Home-grown nightlife brand The Butter Factory is taking back the name and branding rights from its franchisee in Kuala Lumpur.
The group announced on Thursday that it has terminated its franchise agreement with Malaysian operator JV Entertainment - which has been running The Butter Factory KL since August 2012 - due to "numerous" contractual breaches by JV Entertainment.
The Butter Factory's executive chairman Tay Eu-Yen tells Life! that the breaches included violations of a non-competition clause when JV Entertainment promoted another club and The Butter Factory Group's branding standards. JV Entertainment also defaulted on payment over the past six months.
Without delving into details, she acknowledged that there were also issues over the KL club's branding and marketing strategy, which she felt "impaired The Butter Factory's reputation".
She did not say how much money was owed to her company.
JV Entertainment, led by executive chairman Victor Hoo, signed a three-year franchise agreement with The Butter Factory in 2012 and started the KL club in August that year.
Located in Jalan Kia Peng, the 10,000-sq ft, two-storey nightclub, which was set up at a cost of $2.45 million, quickly became a destination nightspot in Kuala Lumpur.

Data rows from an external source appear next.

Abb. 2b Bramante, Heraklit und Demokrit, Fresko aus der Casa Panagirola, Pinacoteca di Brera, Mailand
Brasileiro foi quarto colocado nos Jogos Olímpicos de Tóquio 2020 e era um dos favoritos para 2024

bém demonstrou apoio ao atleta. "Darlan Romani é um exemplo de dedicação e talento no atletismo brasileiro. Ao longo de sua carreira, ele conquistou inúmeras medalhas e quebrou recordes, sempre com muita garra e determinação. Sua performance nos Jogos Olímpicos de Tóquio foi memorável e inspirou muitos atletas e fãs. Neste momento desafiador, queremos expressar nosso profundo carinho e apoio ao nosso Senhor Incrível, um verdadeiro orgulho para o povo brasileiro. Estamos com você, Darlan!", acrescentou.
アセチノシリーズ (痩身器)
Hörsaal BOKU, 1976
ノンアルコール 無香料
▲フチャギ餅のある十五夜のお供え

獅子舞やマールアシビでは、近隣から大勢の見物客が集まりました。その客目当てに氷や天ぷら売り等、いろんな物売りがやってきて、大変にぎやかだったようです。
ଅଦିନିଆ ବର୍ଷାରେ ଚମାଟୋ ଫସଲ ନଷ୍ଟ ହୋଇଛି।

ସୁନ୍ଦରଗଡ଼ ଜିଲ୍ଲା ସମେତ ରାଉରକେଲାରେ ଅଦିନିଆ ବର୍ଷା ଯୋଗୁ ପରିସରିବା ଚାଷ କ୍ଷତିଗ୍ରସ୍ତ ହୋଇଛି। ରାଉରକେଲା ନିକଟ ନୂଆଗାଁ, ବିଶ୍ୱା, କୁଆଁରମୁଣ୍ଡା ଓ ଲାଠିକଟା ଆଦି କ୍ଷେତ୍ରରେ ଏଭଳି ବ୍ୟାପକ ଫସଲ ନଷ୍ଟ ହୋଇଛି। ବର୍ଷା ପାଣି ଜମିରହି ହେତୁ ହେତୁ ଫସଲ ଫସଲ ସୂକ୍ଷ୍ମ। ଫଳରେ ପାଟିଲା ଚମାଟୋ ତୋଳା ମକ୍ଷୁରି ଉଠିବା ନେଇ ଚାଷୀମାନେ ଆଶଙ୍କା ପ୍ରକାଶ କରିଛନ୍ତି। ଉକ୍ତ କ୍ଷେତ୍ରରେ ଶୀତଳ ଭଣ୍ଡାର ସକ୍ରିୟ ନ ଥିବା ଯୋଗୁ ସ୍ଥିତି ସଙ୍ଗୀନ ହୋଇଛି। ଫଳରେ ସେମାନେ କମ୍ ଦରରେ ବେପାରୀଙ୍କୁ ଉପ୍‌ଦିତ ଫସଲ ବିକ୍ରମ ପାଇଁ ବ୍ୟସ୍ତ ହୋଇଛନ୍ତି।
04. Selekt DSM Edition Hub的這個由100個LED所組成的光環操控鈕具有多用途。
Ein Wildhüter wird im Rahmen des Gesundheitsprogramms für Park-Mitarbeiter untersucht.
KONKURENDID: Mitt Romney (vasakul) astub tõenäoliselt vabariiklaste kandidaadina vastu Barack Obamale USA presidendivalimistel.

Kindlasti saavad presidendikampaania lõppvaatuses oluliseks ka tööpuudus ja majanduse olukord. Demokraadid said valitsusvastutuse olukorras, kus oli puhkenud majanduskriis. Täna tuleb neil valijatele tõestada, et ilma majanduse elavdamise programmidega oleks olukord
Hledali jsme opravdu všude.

It was the first franchise outlet started by The Butter Factory Group, which currently runs its nightclub at One Fullerton and Sauce Bar at the Esplanade.
Ms Tay, who stressed that the partnership "did not end on bad terms" and that JV Entertainment "understood why we needed to do that", adds: "The gist is, we feel that in terms of brand and reputation, we have been hurt by the way JV Entertainment has conducted business.

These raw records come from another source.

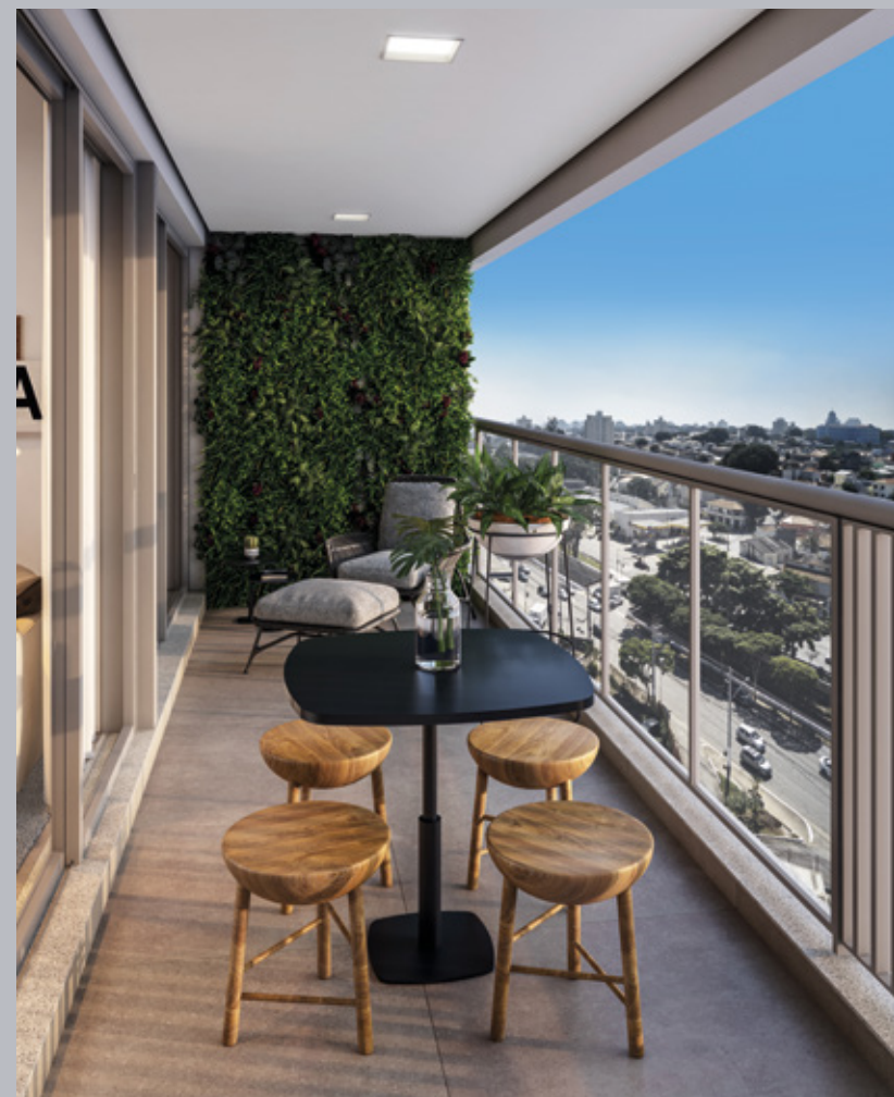
Perspectiva artística do terraço do apartamento tipo, 1 dorm. de 40,74 m 2 privativos – final 2. Vista aproximada referente ao 7º andar.
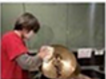
常設機材の除菌清掃
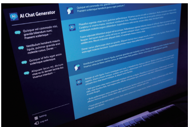
AI Chat Generatorの画面

"I don't think it was ill-intended or malicious... they're trying their best. It's just a business decision that we cannot continue."

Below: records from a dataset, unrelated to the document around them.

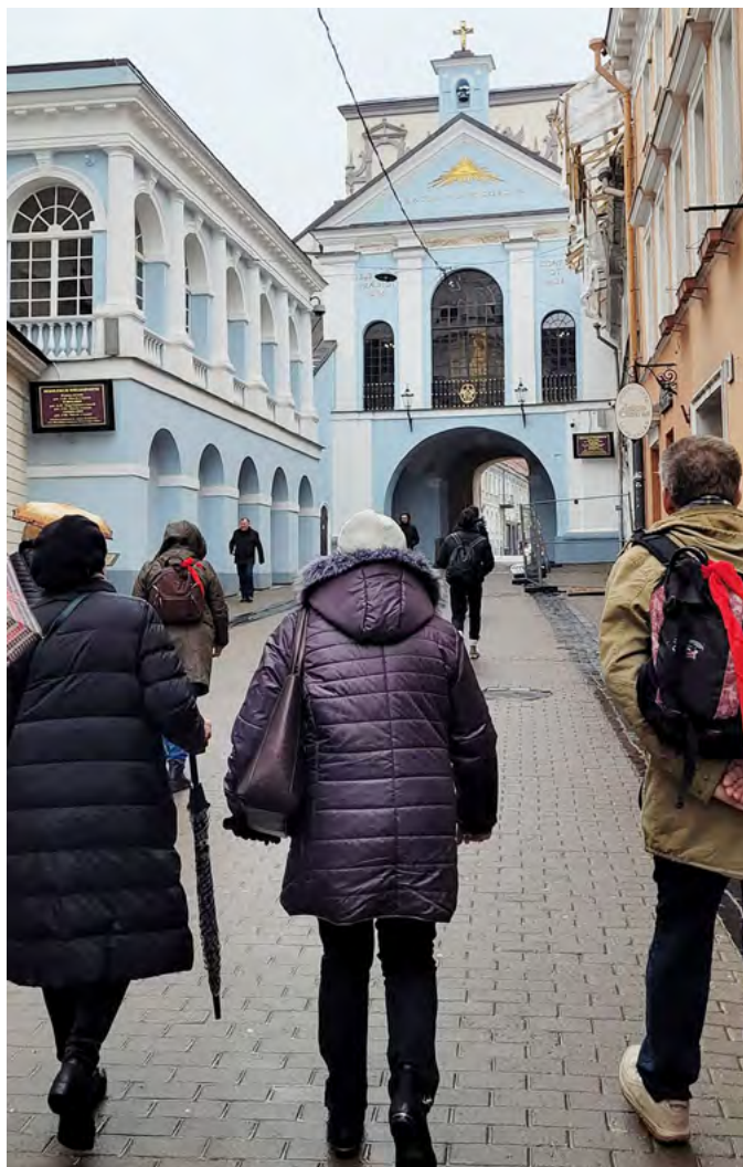
Pielgrzymka do Wilna

Spotkania Wspólnoty odbywają się raz w miesiącu (w pierwszy poniedziałek miesiąca) po mszy świętej wieczornej o godzinie 18.00, poprzedzonej modlitwą różańcową w Kaplicy o godzinie 17.00.
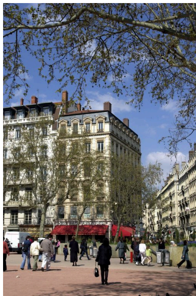
Vue générale depuis la place Bellecour
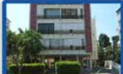
3.5 חדרים בארלזחוב 105 מ"ר, קומה א', 3 כיווני אויר
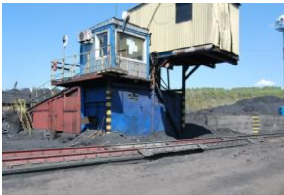
Рис. 1. Весы вагонные для статического взвешивания «ТР-ЖД-СТ»

Внешний вид весов вагонных для статического взвешивания «ТР-ЖД-СТ» представлен на рисунке 1.
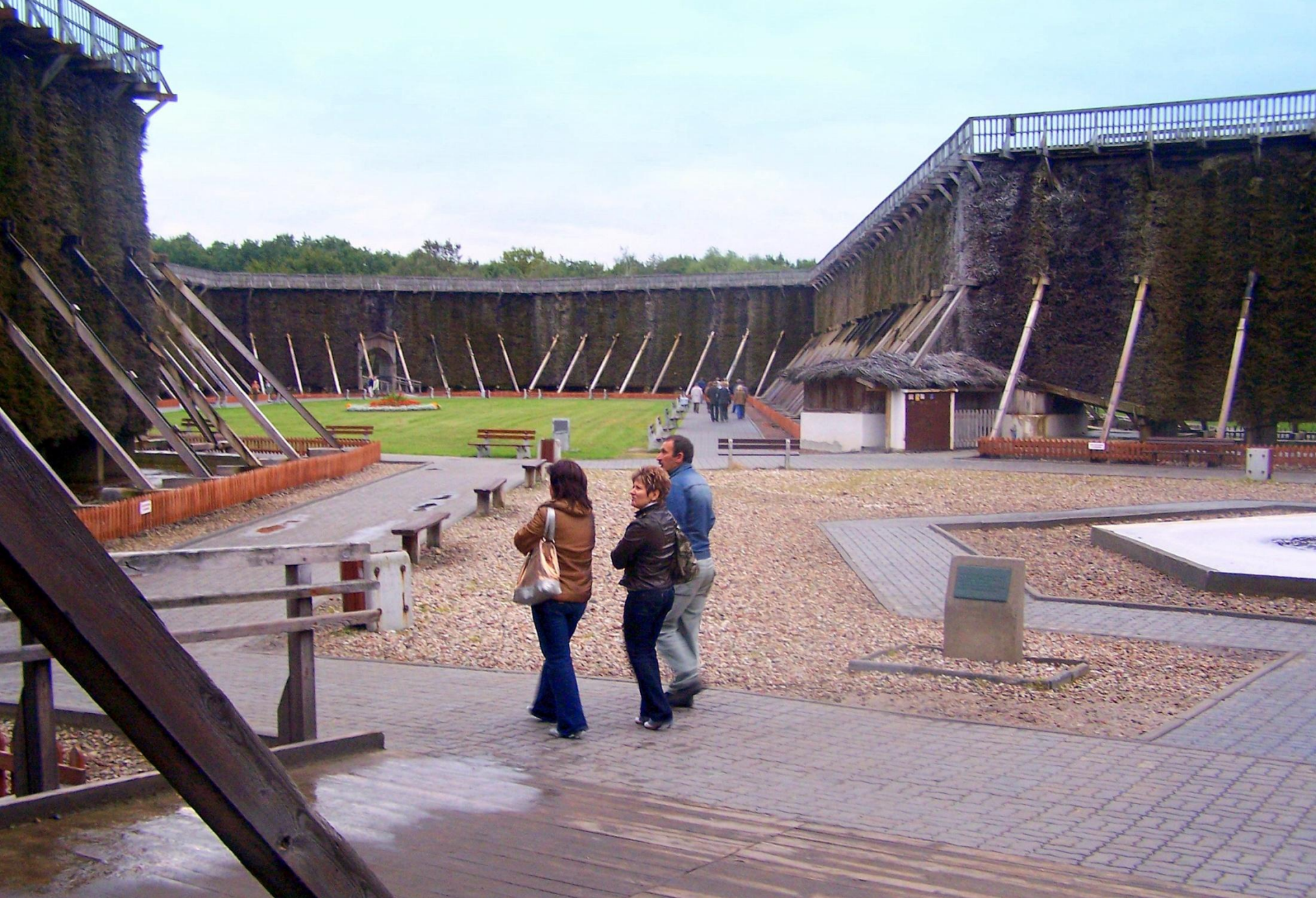
Teznie w Inowrocławiu
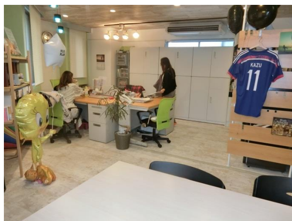
<現在>5階 賃貸管理部専用オフィス『海とサッカー』
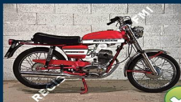
1 foto lato destro
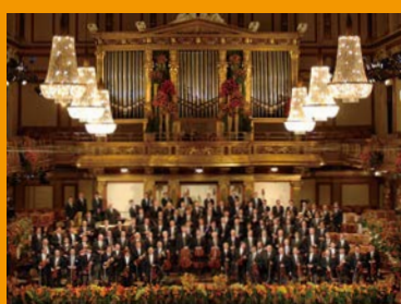
ウィーン・フィルハーモニー管弦楽団 Wiener Philharmoniker

Ms Tay says it was a "series of events in the last quarter" that led to the company finally deciding to terminate the franchise agreement. But the straw that broke the camel's back was when JV Entertainment was found to be promoting another nightclub, Mastro KL.
Mastro KL, which opened last month, takes over the second-storey space of The Butter Factory KL.
Ms Tay says: "We cautioned that it shouldn't be another club because that would cannibalise The Butter Factory KL and would be bad for JV Entertainment's business."
She later found out via Facebook that JV Entertainment had entered into a management agreement to promote the competing club above Butter Factory KL.
She says: "That, to us, is a very clear breach of our non-competition clause."
But Ms Tay says she has no regrets about her company's first franchise venture and is not ruling out other franchise opportunities in the future.
"I don't think we see this as a failure, we're very willing to explore franchise opportunities across the region; it's not something demoralising. It was a good experience and we had a good time in KL."